Her past Chevron leadership positions include general manager for Chevron’s Southern Africa Business Unit, based in Houston, Texas; president of Chevron Environmental Management Company; and general manager of Reservoir and Production Engineering for Chevron Energy Technology Company. Before joining Chevron, she worked for Texaco and ARCO in various upstream petroleum engineering positions, starting in Midland, Texas, in 1981.

Judah has held many SPE leadership positions, including SPE International Vice President Finance, on the Board as director of the Gulf Coast North America Region, and chairing both the Gulf Coast and Permian Basin sections. She was named a Distinguished Member of SPE in 2003 and received the Distinguished Service award in 2010. She started her SPE leadership as a student section officer at Texas A&M University.

Judah holds BS and MS degrees in petroleum engineering from Texas A&M University, an MBA from The University of Texas of the Permian Basin, and a JD from the University of Houston Law Center.

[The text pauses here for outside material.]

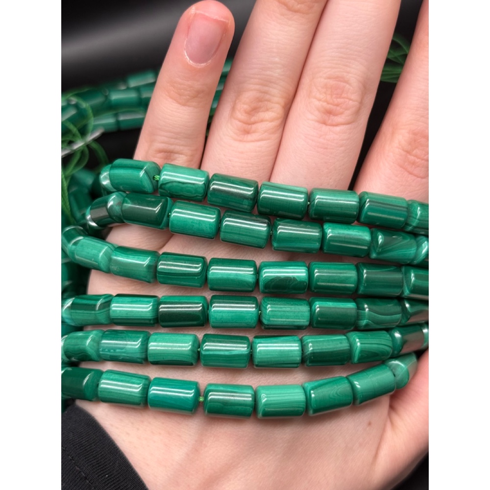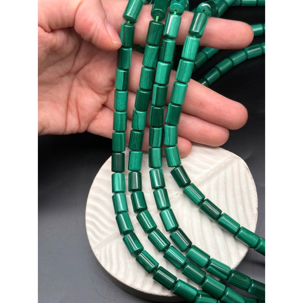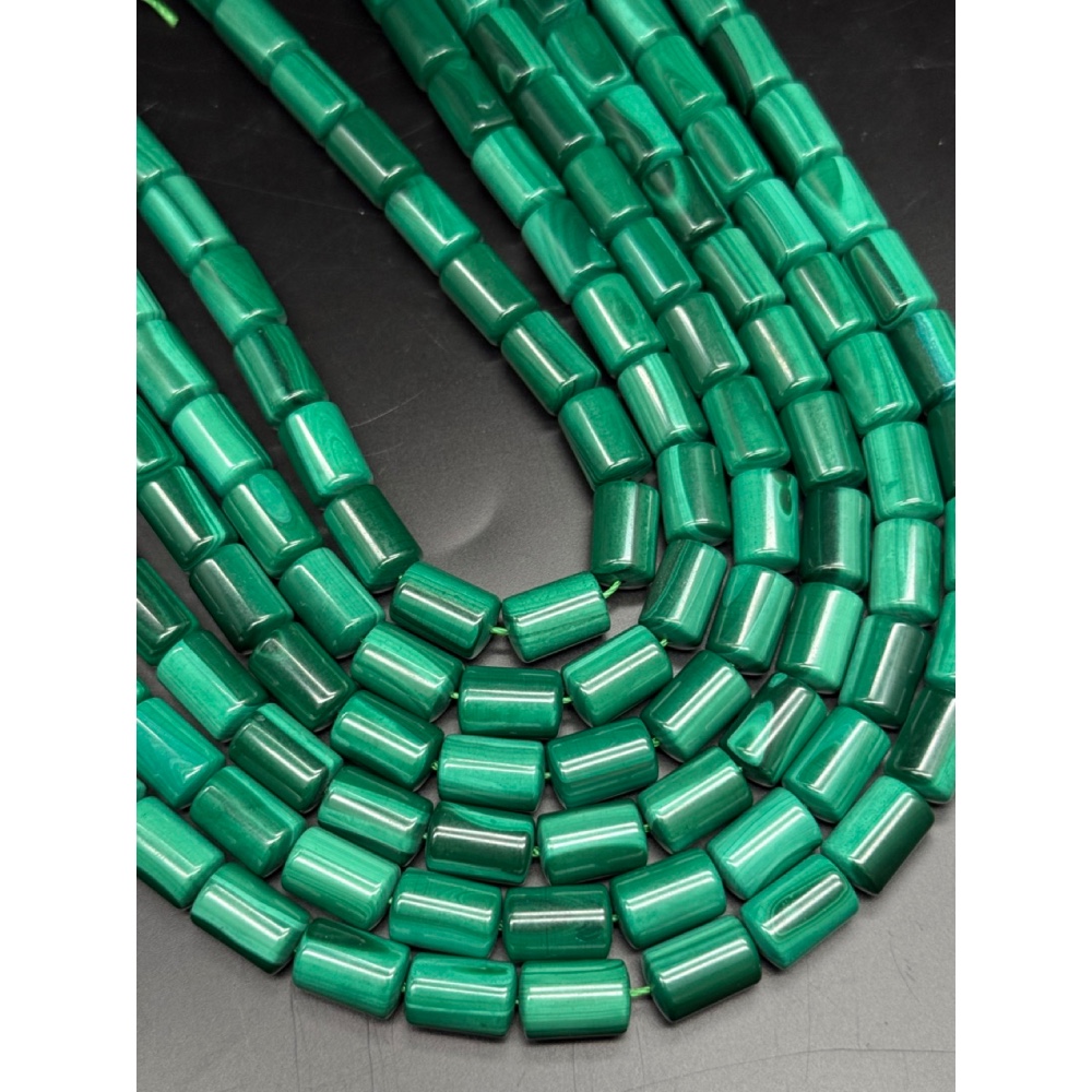 • Каменные бусины, Малахит (Конго), люкс, трубочки (столбики), 8х12 мм, 16 бусины, длина нити 19 см

What will be your main goals as SPE president?

I have four goals in mind.

Guiding SPE through rough seas. My No. 1 goal is to keep SPE on an even keel. It sounds boring and un-ambitious, but we are sailing through rough seas right now. I’ve had people laugh and tell me I picked a great year to be president. I didn’t exactly pick it, but I am one of the best qualified to lead SPE in hard times because I have been so involved in leadership for such a long time. I was vice president of finance on the SPE Board of Directors, director representative of the Gulf Coast North America Region, and chaired both the Gulf Coast and Permian Basin sections. That experience brings a lot to the table when it comes time to make difficult decisions. For a steady hand on the wheel, I am a good person for managing in difficult times.

Developing engineers. During my term, you will see an emphasis on people capabilities as part of the Big Crew Change, particularly in developing countries. There is a significant push from governments for operators to develop local staff, and SPE can be part of the solution. I also have a personal soft spot for Latin America, and I am going to try to spend quality time there.

Reaching out to women. Another obvious outreach will be to women. I am the first female SPE president in more than a decade, so the latest generation has not seen a woman at the top. Young women in SPE look to me to be an example, so I will make myself accessible and visible to them. I realized years ago that I am an example whether I want to be or not, so I might as well step into those shoes. There are still very few women engineers in the industry—most women in leadership have a geoscience background.

Protecting the environment. I also want to emphasize environmental protection through responsible operations. I previously ran Chevron’s Environmental Management Company. We did offshore decommissioning, pipeline removal, handled all the Superfund sites for the company, orphan gas stations, any kind of end-of-life reclamation and dealing with regulators. The issue is doing things right as you operate and setting up your operation with the knowledge that someday you may have to leave there. I have a JPT column already planned for environmental stewardship, so look forward to more on that.
 

How has your career prepared you for this position?

Next year, I will be a 40-year member of SPE; I joined as a college freshman. Dr. John Lee handed out applications to the freshmen engineering students and told us that if you are going to be a petroleum engineer, you need to join SPE. I joined then and have been involved in SPE leadership almost continuously for nearly 40 years.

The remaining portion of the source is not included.